Your task - Below are entries with pictures in them. Output exactly the lines starting at the line with "奉嘎山下团村,伸出墙外的花枝与青石台阶、古屋屋檐组成了一处唯美的秘境。" and ending at the line with "The Grillvett Corvette", both included, but not the pictures.

Extracted entries -
——————————
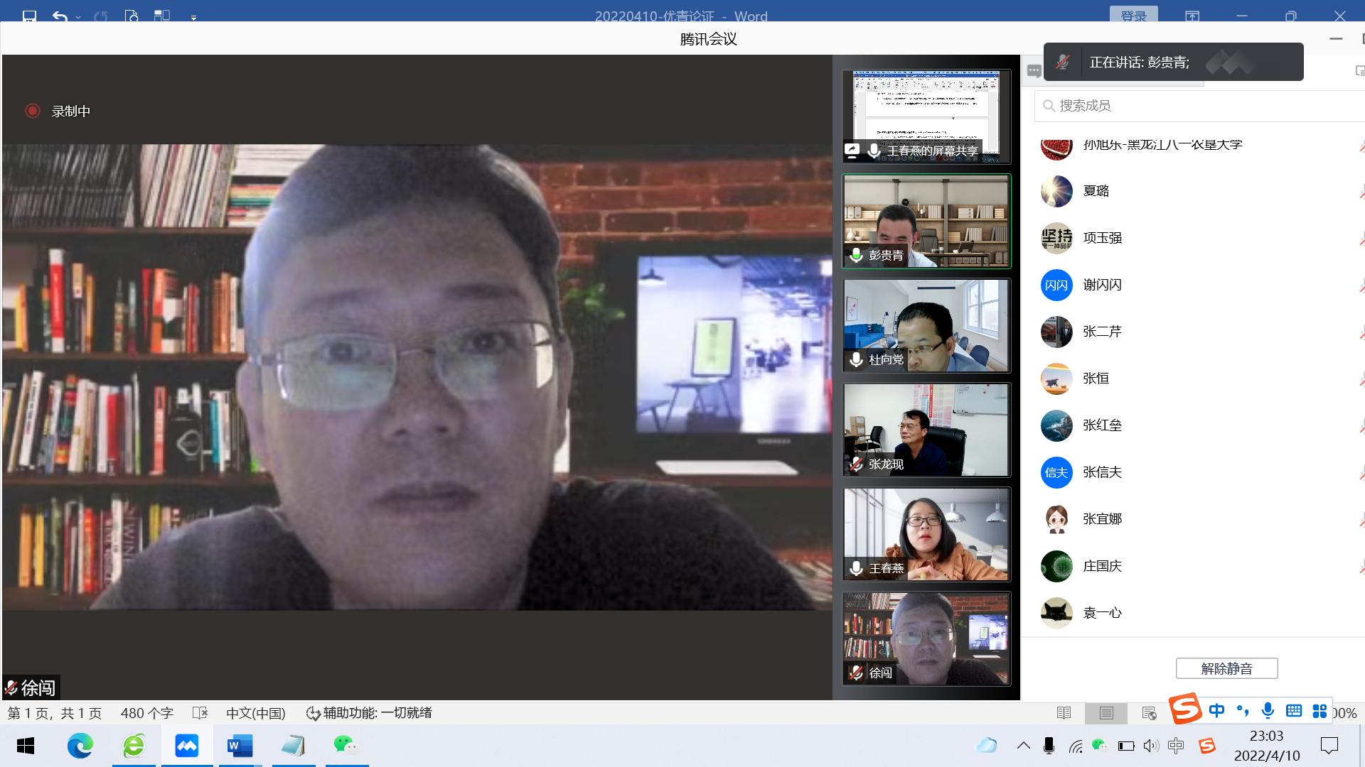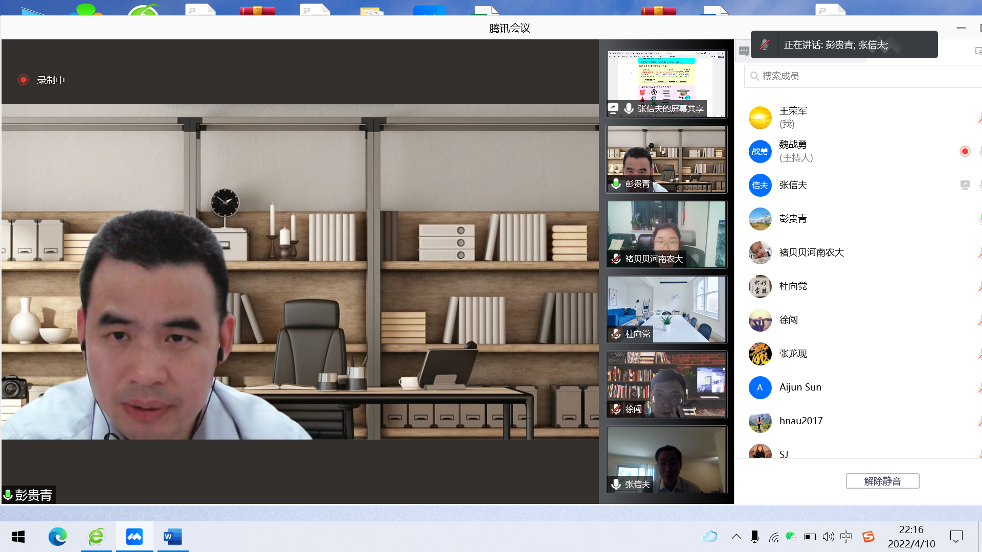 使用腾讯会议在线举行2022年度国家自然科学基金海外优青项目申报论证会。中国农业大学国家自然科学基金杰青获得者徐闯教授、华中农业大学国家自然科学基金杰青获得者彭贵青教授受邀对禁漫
——————————
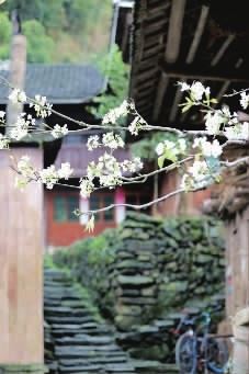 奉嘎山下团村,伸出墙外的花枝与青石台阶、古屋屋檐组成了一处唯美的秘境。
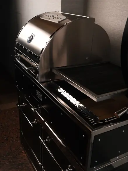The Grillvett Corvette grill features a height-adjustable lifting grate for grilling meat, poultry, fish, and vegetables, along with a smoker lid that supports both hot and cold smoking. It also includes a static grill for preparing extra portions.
——————————
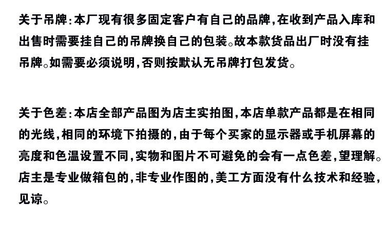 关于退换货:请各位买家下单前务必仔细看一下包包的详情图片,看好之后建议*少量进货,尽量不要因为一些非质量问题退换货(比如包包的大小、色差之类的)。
——————————
Answer to the exercise -
 奉嘎山下团村,伸出墙外的花枝与青石台阶、古屋屋檐组成了一处唯美的秘境。
The Grillvett Corvette grill features a height-adjustable lifting grate for grilling meat, poultry, fish, and vegetables, along with a smoker lid that supports both hot and cold smoking. It also includes a static grill for preparing extra portions.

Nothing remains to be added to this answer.